Scheme 1 Synthetic pathway to prepare RCNDs.

Fig. 2 (a) HRTEM image (left) and SAED pattern (right) of RCNDs; (b) HRTEM (left) and AFM images (right) of RCND–TEG–FA; (c) FTIR spectra of RCNDs, FA ligand and RCND–TEG–FA; (d) TGA of RCNDs and RCND–TEG–FA; and (e) XPS spectra of survey and (f) high resolution C1s for RCND–TEG–FA.

It is widely recognized that the hydrothermal technology is a powerful protocol to prepare nanomaterials.^32,33 The hydrothermal treatment is an easy way to transform different conjugated polymers into small-size carbon nanodots endowed with different types of functional groups. The abundant oxygenated groups present on their surface allow a wide range of reactions for the post-modification of CNDs. However, the use of conjugated polymers as precursors to prepare RCNDs with specific functional groups is still not completely understood and fully explored. Here, we attempted to explore tailored RCNDs for biomedical applications.

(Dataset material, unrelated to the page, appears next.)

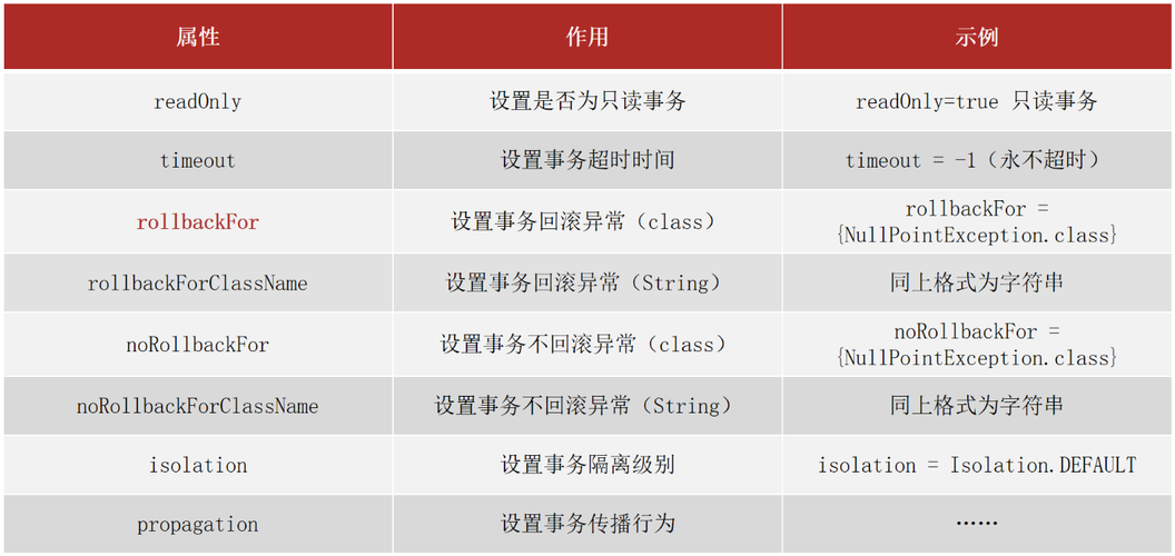 - noRollbackForClassName等同于noRollbackFor,只不过属性为异常的类全名字符串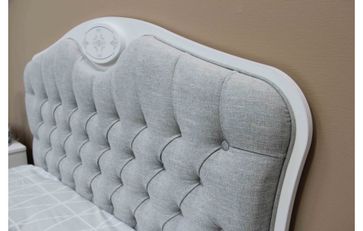 Размер спального места 900х2000 мм. Ортопедическое основание в комплекте, устанавливается на продольные стенки. Высота спального места с учетом матраса (180 мм) составляет 450 мм. Необычная по форме мягкая спинка с тканью и оригинальным рисунком. Царги и изножье с оригинальным рисунком. По углам изножья округлые вставки из ПСП. Опоры кроватей в изножье из ППУ, высота 200 мм, цвет белый None

After obtaining the starting RCNDs, we designed and synthesized the FA ligand according to the path outlined in Scheme 2. A short amine-terminated triethylene glycol (TEG) was chosen as a linker to connect FA and RCNDs. Its hydrophilic character can enhance the FA water-dispersibility upon functionalization. The use of short ethylene glycol chains offers also the advantage of minimizing adsorption phenomena and facilitating the removal of unreacted precursors, compared to longer ethylene glycol chains.³⁴ Compound 4 was synthesized by Boc-monoprotection of commercially available 2,2′-(ethylenedioxy)bis(ethylamine).³⁵ Folic acid was conjugated to compound 4 by amidation through N-hydroxysuccinimide (NHS)/1-ethyl-3-(3-dimethylaminopropyl)carbodiimide (EDC) activation. After Boc cleavage using trifluoracetic acid, FA ligand 6 was obtained in 27% total yield. Though FA has two free COOH groups in the glutamic acid moiety, it has already been reported that the γ-COOH is more prone to amidation than the α-COOH due to its higher reactivity.^36,37

Scheme 2 Synthetic pathway to prepare an FA ligand. For simplicity we have represented only the structure of the ligand with the aminated γ-COOH.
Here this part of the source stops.